Task details:
Only the lines below from the one containing "そして塀の外の雑草を取ってい" to the one containing "Städtebaulich fungiert das" should be repeated, both included and unchanged.

Items listed in a dataset
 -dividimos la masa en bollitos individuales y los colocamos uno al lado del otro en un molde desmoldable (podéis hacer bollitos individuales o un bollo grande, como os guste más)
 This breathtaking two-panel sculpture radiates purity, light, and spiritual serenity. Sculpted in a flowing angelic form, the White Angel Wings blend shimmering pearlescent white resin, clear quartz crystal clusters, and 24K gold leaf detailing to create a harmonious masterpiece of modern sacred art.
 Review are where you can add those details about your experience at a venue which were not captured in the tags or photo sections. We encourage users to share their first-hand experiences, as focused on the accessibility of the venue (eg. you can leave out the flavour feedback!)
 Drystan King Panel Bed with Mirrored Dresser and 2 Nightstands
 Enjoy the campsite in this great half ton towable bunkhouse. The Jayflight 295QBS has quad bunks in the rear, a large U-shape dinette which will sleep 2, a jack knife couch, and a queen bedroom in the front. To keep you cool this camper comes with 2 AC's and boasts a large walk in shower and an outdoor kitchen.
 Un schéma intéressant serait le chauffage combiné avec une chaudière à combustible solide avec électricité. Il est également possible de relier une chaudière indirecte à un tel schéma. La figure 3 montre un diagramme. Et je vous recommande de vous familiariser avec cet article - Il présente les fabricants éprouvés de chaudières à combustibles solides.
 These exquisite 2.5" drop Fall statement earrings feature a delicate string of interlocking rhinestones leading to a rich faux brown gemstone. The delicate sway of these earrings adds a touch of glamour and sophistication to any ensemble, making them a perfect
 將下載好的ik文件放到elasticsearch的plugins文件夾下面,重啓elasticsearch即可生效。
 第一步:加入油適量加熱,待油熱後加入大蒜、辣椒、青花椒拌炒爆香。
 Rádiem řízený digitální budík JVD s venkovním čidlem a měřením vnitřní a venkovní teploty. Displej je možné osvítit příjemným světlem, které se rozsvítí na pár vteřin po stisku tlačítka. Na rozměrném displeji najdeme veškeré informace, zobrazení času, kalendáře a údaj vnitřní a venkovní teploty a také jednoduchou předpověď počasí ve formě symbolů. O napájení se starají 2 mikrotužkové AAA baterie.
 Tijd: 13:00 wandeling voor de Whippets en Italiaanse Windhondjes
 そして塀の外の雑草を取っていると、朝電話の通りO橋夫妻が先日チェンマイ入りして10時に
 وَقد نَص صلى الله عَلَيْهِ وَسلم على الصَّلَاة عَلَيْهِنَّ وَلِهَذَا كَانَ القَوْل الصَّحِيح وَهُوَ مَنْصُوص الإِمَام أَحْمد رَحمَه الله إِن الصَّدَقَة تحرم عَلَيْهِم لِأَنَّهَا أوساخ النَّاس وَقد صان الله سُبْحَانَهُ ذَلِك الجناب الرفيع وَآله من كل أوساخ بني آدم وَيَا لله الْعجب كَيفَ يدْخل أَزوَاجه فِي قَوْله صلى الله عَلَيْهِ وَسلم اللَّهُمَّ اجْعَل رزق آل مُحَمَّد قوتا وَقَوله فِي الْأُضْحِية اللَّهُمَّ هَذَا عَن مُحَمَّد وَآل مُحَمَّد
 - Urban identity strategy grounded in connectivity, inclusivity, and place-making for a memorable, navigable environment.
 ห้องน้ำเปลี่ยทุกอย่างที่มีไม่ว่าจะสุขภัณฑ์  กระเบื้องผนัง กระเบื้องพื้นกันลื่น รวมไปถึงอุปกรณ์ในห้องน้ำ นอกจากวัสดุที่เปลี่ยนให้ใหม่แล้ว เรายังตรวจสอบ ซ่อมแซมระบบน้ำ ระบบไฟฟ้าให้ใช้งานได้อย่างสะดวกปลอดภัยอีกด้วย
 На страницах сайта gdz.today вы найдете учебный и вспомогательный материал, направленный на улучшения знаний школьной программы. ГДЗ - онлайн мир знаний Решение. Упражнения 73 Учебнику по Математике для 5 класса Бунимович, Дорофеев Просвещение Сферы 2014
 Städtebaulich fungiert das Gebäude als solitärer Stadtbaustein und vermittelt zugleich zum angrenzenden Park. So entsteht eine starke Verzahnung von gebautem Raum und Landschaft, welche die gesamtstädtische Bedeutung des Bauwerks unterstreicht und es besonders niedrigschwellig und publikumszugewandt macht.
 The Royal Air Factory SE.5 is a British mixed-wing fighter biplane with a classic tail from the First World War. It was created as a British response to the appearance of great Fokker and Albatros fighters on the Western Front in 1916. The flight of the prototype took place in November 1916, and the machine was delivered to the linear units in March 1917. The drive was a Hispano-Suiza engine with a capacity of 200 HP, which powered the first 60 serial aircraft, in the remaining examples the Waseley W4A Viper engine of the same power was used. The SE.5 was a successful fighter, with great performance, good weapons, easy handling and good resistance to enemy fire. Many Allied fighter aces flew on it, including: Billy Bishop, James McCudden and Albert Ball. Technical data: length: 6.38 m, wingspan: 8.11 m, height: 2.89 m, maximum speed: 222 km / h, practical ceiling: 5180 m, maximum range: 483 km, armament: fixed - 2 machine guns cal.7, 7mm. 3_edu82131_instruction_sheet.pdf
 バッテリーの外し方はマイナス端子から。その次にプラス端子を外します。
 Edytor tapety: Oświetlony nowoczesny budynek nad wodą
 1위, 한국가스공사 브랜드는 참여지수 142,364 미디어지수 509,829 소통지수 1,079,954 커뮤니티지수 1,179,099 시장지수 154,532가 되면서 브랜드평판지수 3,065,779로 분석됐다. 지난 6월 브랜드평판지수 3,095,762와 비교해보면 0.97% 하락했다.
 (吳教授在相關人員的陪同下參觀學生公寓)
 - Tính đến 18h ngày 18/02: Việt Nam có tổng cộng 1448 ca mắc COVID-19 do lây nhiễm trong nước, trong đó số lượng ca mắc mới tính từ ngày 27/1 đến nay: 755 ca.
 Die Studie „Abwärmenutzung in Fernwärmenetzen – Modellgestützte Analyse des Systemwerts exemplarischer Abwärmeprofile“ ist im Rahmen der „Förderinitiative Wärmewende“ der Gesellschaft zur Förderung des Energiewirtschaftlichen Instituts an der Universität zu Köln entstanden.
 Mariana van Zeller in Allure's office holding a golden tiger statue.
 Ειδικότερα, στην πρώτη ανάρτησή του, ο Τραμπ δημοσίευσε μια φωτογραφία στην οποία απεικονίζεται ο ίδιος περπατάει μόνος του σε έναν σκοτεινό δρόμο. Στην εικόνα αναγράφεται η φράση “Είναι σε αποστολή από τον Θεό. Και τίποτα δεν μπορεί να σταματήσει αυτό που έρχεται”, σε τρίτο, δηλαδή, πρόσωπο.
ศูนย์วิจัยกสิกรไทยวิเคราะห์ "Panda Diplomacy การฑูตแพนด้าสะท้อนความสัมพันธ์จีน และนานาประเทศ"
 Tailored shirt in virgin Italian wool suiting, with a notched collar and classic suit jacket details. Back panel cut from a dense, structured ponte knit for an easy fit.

Written solution:
 そして塀の外の雑草を取っていると、朝電話の通りO橋夫妻が先日チェンマイ入りして10時に
 وَقد نَص صلى الله عَلَيْهِ وَسلم على الصَّلَاة عَلَيْهِنَّ وَلِهَذَا كَانَ القَوْل الصَّحِيح وَهُوَ مَنْصُوص الإِمَام أَحْمد رَحمَه الله إِن الصَّدَقَة تحرم عَلَيْهِم لِأَنَّهَا أوساخ النَّاس وَقد صان الله سُبْحَانَهُ ذَلِك الجناب الرفيع وَآله من كل أوساخ بني آدم وَيَا لله الْعجب كَيفَ يدْخل أَزوَاجه فِي قَوْله صلى الله عَلَيْهِ وَسلم اللَّهُمَّ اجْعَل رزق آل مُحَمَّد قوتا وَقَوله فِي الْأُضْحِية اللَّهُمَّ هَذَا عَن مُحَمَّد وَآل مُحَمَّد
 - Urban identity strategy grounded in connectivity, inclusivity, and place-making for a memorable, navigable environment.
 ห้องน้ำเปลี่ยทุกอย่างที่มีไม่ว่าจะสุขภัณฑ์  กระเบื้องผนัง กระเบื้องพื้นกันลื่น รวมไปถึงอุปกรณ์ในห้องน้ำ นอกจากวัสดุที่เปลี่ยนให้ใหม่แล้ว เรายังตรวจสอบ ซ่อมแซมระบบน้ำ ระบบไฟฟ้าให้ใช้งานได้อย่างสะดวกปลอดภัยอีกด้วย
 На страницах сайта gdz.today вы найдете учебный и вспомогательный материал, направленный на улучшения знаний школьной программы. ГДЗ - онлайн мир знаний Решение. Упражнения 73 Учебнику по Математике для 5 класса Бунимович, Дорофеев Просвещение Сферы 2014
 Städtebaulich fungiert das Gebäude als solitärer Stadtbaustein und vermittelt zugleich zum angrenzenden Park. So entsteht eine starke Verzahnung von gebautem Raum und Landschaft, welche die gesamtstädtische Bedeutung des Bauwerks unterstreicht und es besonders niedrigschwellig und publikumszugewandt macht.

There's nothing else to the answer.